Slow carrot emergence and canopy development render the crop a poor competitor with weeds. In this study, the ability to suppress weeds and maintain yield in the presence of weeds was compared among nine carrot varieties that included those selected by plant breeders for rapid vegetative canopy development compared to traditional varieties. Two weed management treatments were compared: handweeding for 21 d after carrot seeding versus handweeding for the entire carrot season. In years and locations with low to moderate weed pressure, such as in the 2014 study, differences among carrot varieties in weed competitiveness or tolerance were less apparent and therefore less relevant. Maximum carrot yield loss to weed competition among varieties was 28% in 2014. Yield loss in the presence of weeds was 15% or less with six of the nine carrot varieties. However, when weed pressure was intense in the 2015 study, both carrot plant density and carrot canopy development were inversely related to weed biomass. Carrot yield loss in the presence of weeds ranged from 38 to 87%. Despite correcting seeding populations for differences in germination among carrot varieties, carrot stand establishment varied greatly and would likely affect subsequent weed control measures such as timely cultivation or herbicide application. Future research efforts are warranted that consider carrot stand establishment factors and their relationship with integrated weed management programs.
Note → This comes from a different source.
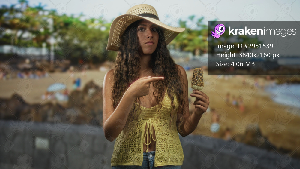 Woman pointing finger at a popsicle while holding it near her chest on a street promenade by a sandy beach with palm trees; curiosity.

Selectivity of the herbicide linuron sprayed in pre-emergence and post-early in carrot

Herbicide application is a method for weed control in carrot crops. However, the choice of the chemical treatment (herbicide, association of products, dose, and time of application) should consider its selectivity to the crop. It is desired to analyze the selectivity of linuron for carrot plants, when sprayed on pre-emergence and post-early cultivated plants. Two experiments were carried out in the field in an area of the commercial production of carrots, one with the Verano cultivar and the other with BRS Planalto. Both experiments included an experimental design with randomized blocks in a factorial 2 x 4 + 1 with six and four replications for the experiments with Verano and BRS Planalto, respectively. The herbicide linuron (675 and 990 g a.i. ha-1) was sprayed at four times, counting from the carrot sowing day: in the pre-emergence of the crop at 0, 3, and 6 days after sowing (DAS) and in the post-early emergence at 9 DAS, when the plants had 1 or 2 cotyledons. An untreated control was maintained as an additional treatment. Linuron was selective for the carrot plant cultivars Verano and BRS Planalto, in both doses tested, when sprayed in the pre-emergence, up to six days after sowing, and in the post-early (plants with 1 or 2 cotyledon leaves) at nine days after sowing.